DiGiCo consoles became widely adopted for live concert tours and musical theatre productions; on tour, on Broadway in New York and in London's West End, and the D5 Live installed at venues like the London Coliseum. The "Theatre" versions of DiGiCo consoles utilize the company's Theatre software, developed in collaboration with Autograph Sound Recording founder Andrew Bruce, which provides a number of application specific features such as a specialized cue and DCA assignment system that allows spreadsheet-style editing of DCA members. The D5T has been utilized for productions including Les Misérables, Billy Elliot the Musical, Mamma Mia!, and We Will Rock You, .

In 2007, DiGiCo introduced its first SD-Range console, the flagship SD7. The SD-Range introduced DiGiCo's first use of a single large-scale FPGA for audio processing combined with Tiger SHARC DSP chips for effects processing and control, allowing the entire audio engine to fit on a single PCB. DiGiCo further expanded the SD-Series range with the introduction of the SD5, SD10, SD8, SD9 and rack-mountable SD11.

Optional software packages with functionality tailored to specific applications are available for most SD-Series console models. The SD7T, SD9T, and SD10T are Theatre models, while the SD5B, SD7B, SD9B, SD10B, and SD11B are Broadcast models.

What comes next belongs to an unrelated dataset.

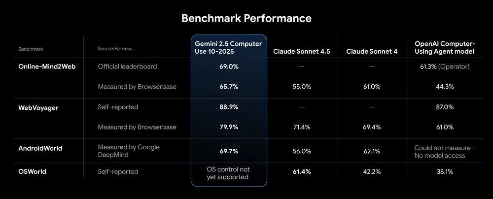 Gemini 2.5 Computer Use оптимизирована для работы с браузерами, но уже показывает хорошие результаты при управлении мобильными интерфейсами. При этом поддержка настольных операционных систем пока не реализована. Модель демонстрирует высокую производительность в нескольких контрольных тестах и превосходит конкурентов по нескольким показателям. Google внедрила функции безопасности непосредственно в модель, чтобы устранить основные риски, а также предоставляет разработчикам средства контроля безопасности, позволяющие предотвратить автоматическое выполнение моделью потенциально опасных или вредоносных действий.
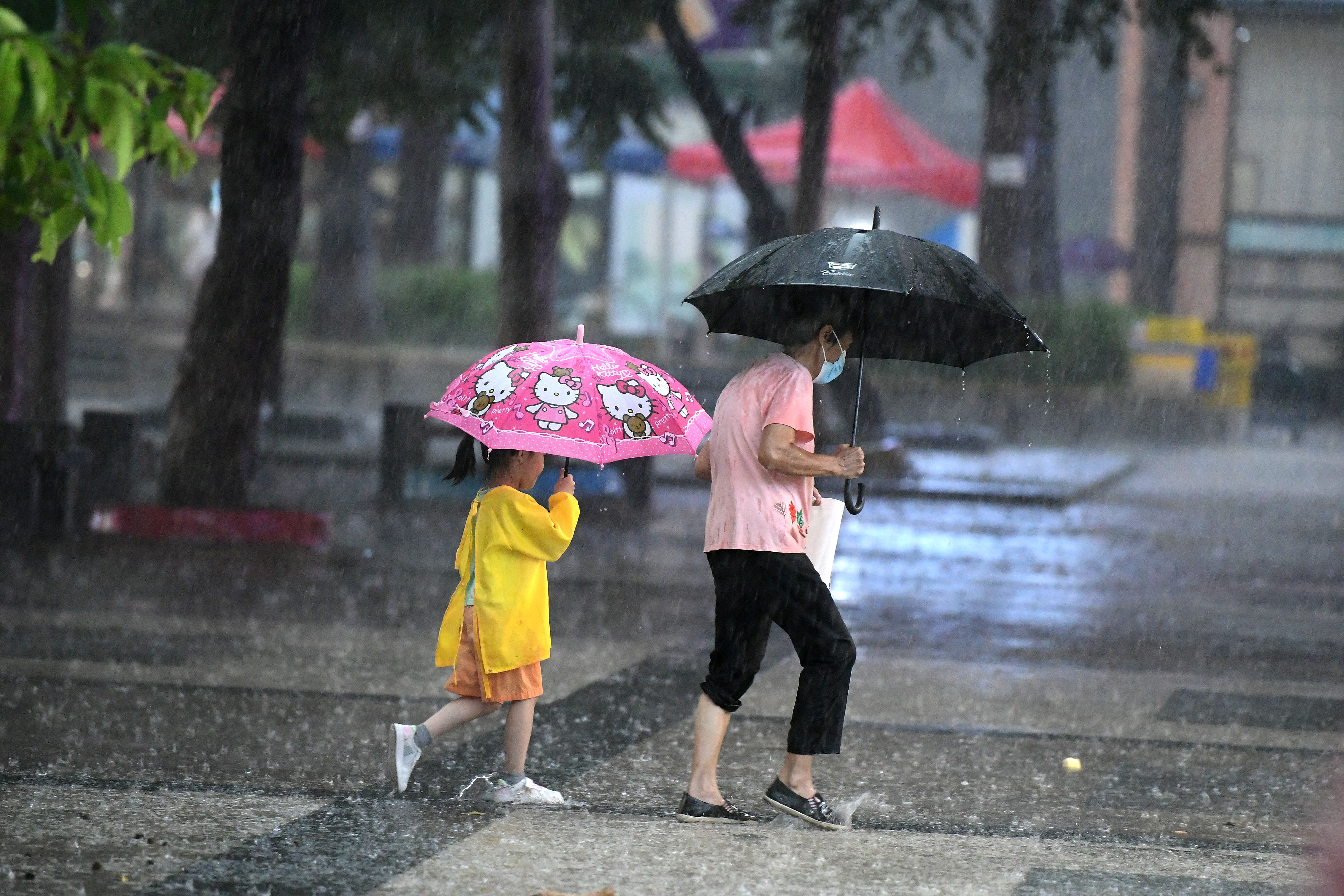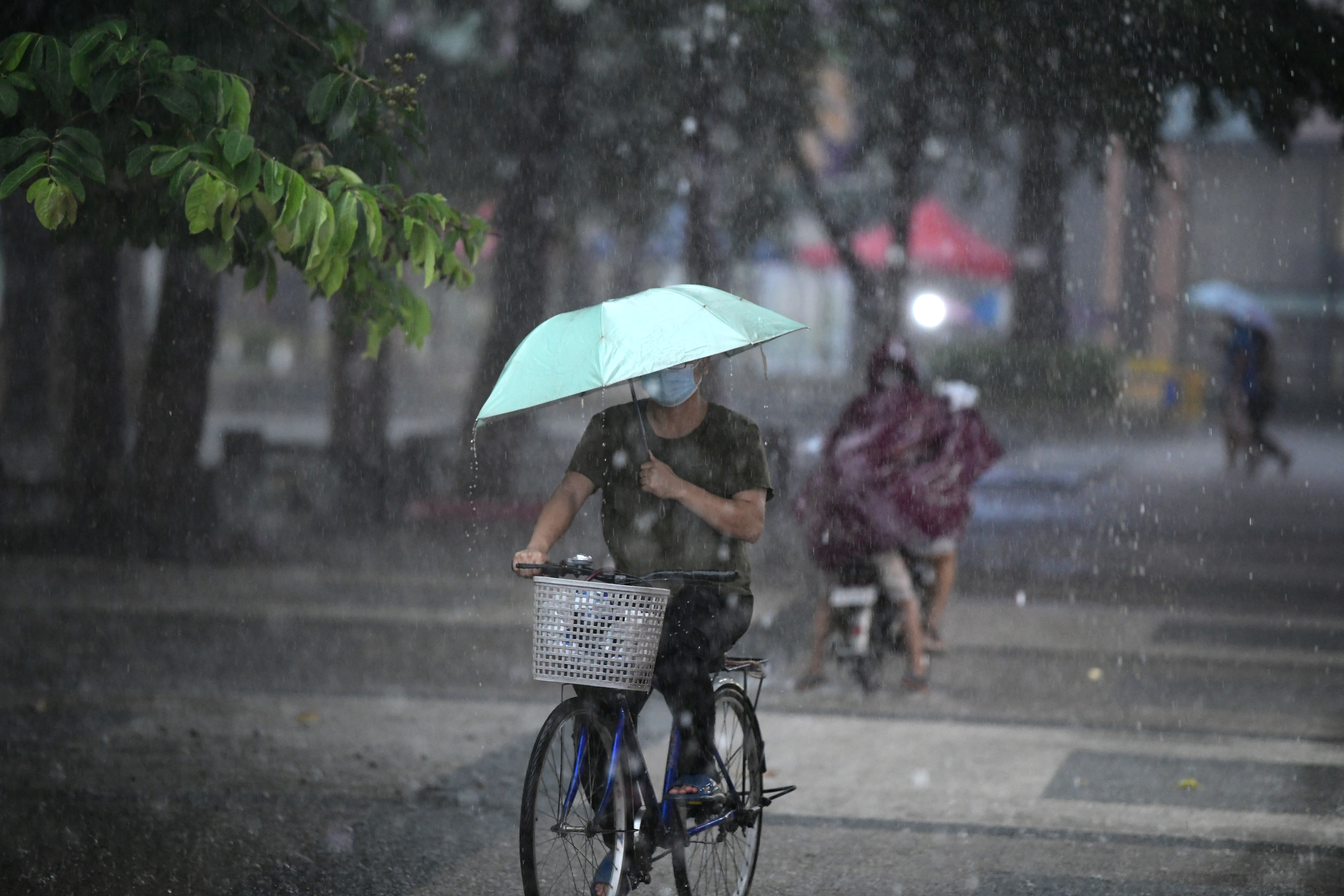 8月3日下午,天河区突降暴雨并伴有短时大风,为持续晴热高温的广州带来了些许清凉,图为市民撑伞冒雨出行。

Beginning in 2009, Waves Audio collaborated with DiGiCo for implementation of their SoundGrid audio networking and DSP. Together, the companies launched the DiGiGrid brand of audio interfaces for SoundGrid systems in 2013.

In 2014, DiGiCo was combined with Allen & Heath and Calrec to form the Audiotonix Group, and DiGiCo's CEO, James Gordon, was appointed CEO of the new holding company.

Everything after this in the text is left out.